For document classification based on content, or for domain-specific entity extraction, you can train a custom text classification or Named Entity Recognition (NER) model in Language Studio.
Azure Machine Learning studio can also do labeling for text classification or entity extraction with open-source frameworks like PyTorch or TensorFlow.
To deploy the custom models and use them for inference:
Form Recognizer has built-in model deployment. Use Form Recognizer SDKs or the REST API to apply custom models for inferencing. Include the model ID or custom model name in the Form Recognizer request URL, depending on the API version. Form Recognizer doesn't require any further deployment steps.
Language Studio provides an option to deploy custom language models.

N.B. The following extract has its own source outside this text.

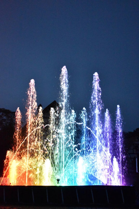 音楽に合わせてリズミカルに動く噴水と約 500 発の
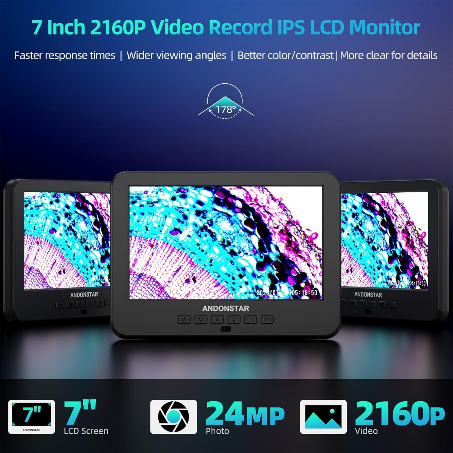 Andonstar AD266S 20X-5000X HDMI Digital Microscope, 5 Lens 2160P UHD Video Record, 7'' LCD Microscope for Adults Kids, Home Lab Biological Kit with Slides, Coin Full View

Get the REST endpoint prediction URL by selecting the model to deploy. You can do model inferencing by using either the REST endpoint or the Azure SDK client libraries.
Azure Machine Learning can deploy custom models to online or batch Azure Machine Learning managed endpoints. You can also deploy to Azure Kubernetes Service (AKS) as a web service by using the Azure Machine Learning SDK.
Logic Apps is part of Azure Integration Services. Logic Apps creates automated workflows that integrate apps, data, services, and systems. With managed connectors for services like Azure Storage and Office 365, you can trigger workflows when a file lands in the storage account or email is received.
Data Factory is a managed cloud extract, transform, load (ETL) service for data integration and transformation. Data Factory can add transformation activities to a pipeline that include invoking a REST endpoint or running a notebook on the ingested data.
Azure Functions is a serverless compute service that can host event-driven workloads with short-lived processes.
Blob Storage is the object storage solution for raw files in this scenario. Blob Storage supports libraries for multiple languages, such as .NET, Node.js, and Python. Applications can access files on Blob Storage via HTTP/HTTPS. Blob Storage has hot, cool, and archive access tiers to support cost optimization for storing large amounts of data.
Data Lake Storage is a set of capabilities built on Azure Blob Storage for big data analytics. Data Lake Storage retains the cost effectiveness of Blob Storage, and provides features like file-level security and file system semantics with hierarchical namespace.
Form Recognizer, part of Azure Applied AI Services, has in-built document analysis capabilities to extract printed and handwritten text, tables, and key-value pairs. Form Recognizer has prebuilt models for extracting data from invoices, documents, receipts, ID cards, and business cards. Form Recognizer can also train and deploy custom models by using either a custom template form model or a custom neural document model.
Form Recognizer Studio provides a UI for exploring Form Recognizer features and models, and for building, tagging, training, and deploying custom models.
Azure Cognitive Service for Language consolidates the Azure natural language processing services. The suite offers prebuilt and customizable options. For more information, see the Cognitive Service for Language available features.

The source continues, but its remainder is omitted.